A former home of Canadian Prime Minister William Lyon Mackenzie King from 1901 to 1910 during his time as Minister of Labour. 331 Somerset Street, is designated as an Ottawa heritage property.

==King's Residence==
The 1901 Ottawa City Directory listed 331 Somerset as the home of Alexander R. Cope and his sons William, a boilermaker, William V. a clerk, and Edward B. an insurance agent.

King and his close friend, the journalist Henry Albert Harper whom he professed to love with a deeper love than the confirmed bachelor could ever feel for a woman, moved into the home in September 1901, three months before Harper's tragic 1901 drowning; the pair having spent the previous year living together at 202 Maria Street (now named Laurier Street West). Harper had hung a print of George Frederic Watts' "Sir Galahad" over his desk at the house, and King later erected a statue of Galahad in memory of his deceased friend.

King remained in the house until 1910 when he acquired a more "prestigious" address at the Roxborough Apartments.

==Later uses==
In 1951, the building was operating as an inn that attracted American tourists with the draw that Mackenzie King had lived in the house.

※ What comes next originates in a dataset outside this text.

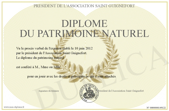 Envoyez par email votre Diplôme du patrimoine naturel personalisé
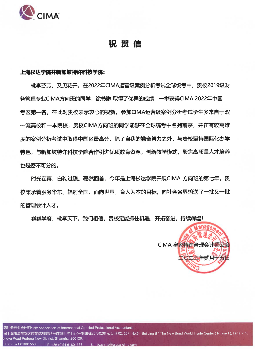 近日,2022年CIMA运营级案例分析考试全球统考成绩公布,2019级财务管理(CIMA方向)学生涂书琳一举获得中国考区第一名 ,成为单科状元。CIMA皇家特许管理会计师公会向我校发来贺信,表示除涂书琳自身的勤奋努力外,与杉达坚持国际化办学特色,与新加坡特许科技学院合作引进优质教育资源,创新教学模式,聚焦高质量人才培养也是密不可分的。

By 1976, the building had been converted by Dodie Lewis into the Doma II Art Gallery, which housed works by Ann Forman and Richard Robertson among others. By 1979, "Marygold Antiques, Crafts, Cards and Art" was also run out of the building.

==Fire==
As of 1997, ownership had passed to Anthony and Joseph Kwai. In February 1997, a fire destroyed the heritage property which was housing a financial investment firm and a deli restaurant. A demolition permit was obtained since the building was deemed "beyond repair", and architect Barry Podolsky was retained to try and match the original style of the building for its reconstruction. In 1998, the reconstruction was granted the Award of Merit for Architectural Conservation by the city.